- _Provided material_:
□ □ □ □

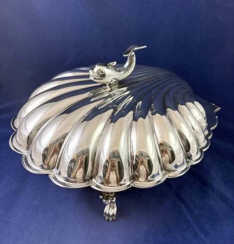 Art Deco Dolphin on Clam Shell Silver Plated Serving Dish
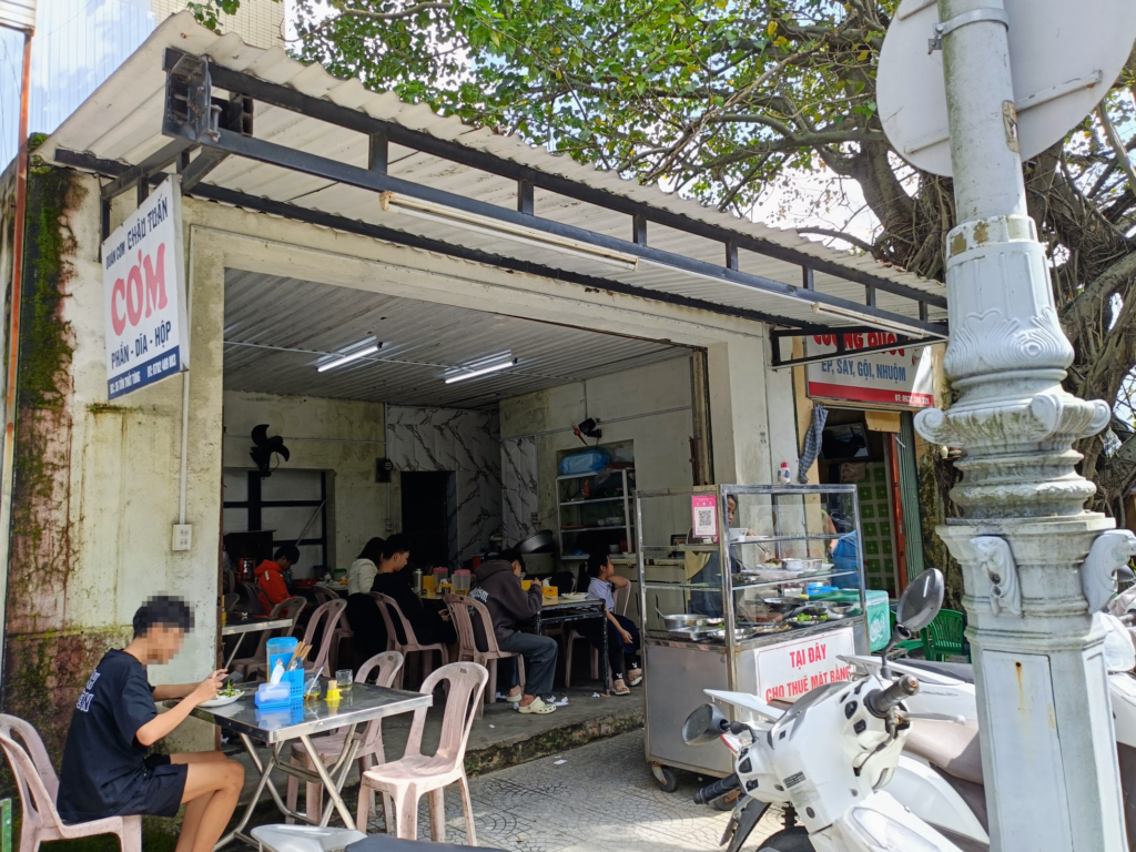 次はトゥドゥック帝陵を目指し走り出しましたが,手持ち現金が少ないためATMに立ち寄りました.向かいに見掛けたローカル食堂でお昼を頂くことに.
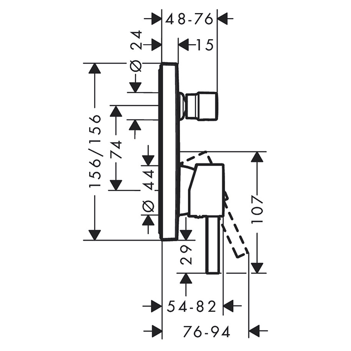HANSGROHE FINORIS Смеситель для душа встраиваемый, однорычажный, с переключателем на 2 положения, внешняя часть, цвет белый матовый
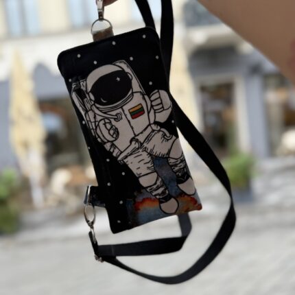Kompaktiškas, veliūrinis telefoni rankinikas. Užsegamas metaline spaude. Priekyje maža kišenė su užtrauktuku. Petnešos ilgis reguliuojasi. Telpa telefonas, pasasas ir kelios kortelės.

□ □ □ □

- _The task_:
Copy the lines exactly. Start at the line with "HANSGROHE FINORIS Смеситель", end at the last line above, include both, and omit all pictures.

- _Task output_:
HANSGROHE FINORIS Смеситель для душа встраиваемый, однорычажный, с переключателем на 2 положения, внешняя часть, цвет белый матовый
Kompaktiškas, veliūrinis telefoni rankinikas. Užsegamas metaline spaude. Priekyje maža kišenė su užtrauktuku. Petnešos ilgis reguliuojasi. Telpa telefonas, pasasas ir kelios kortelės.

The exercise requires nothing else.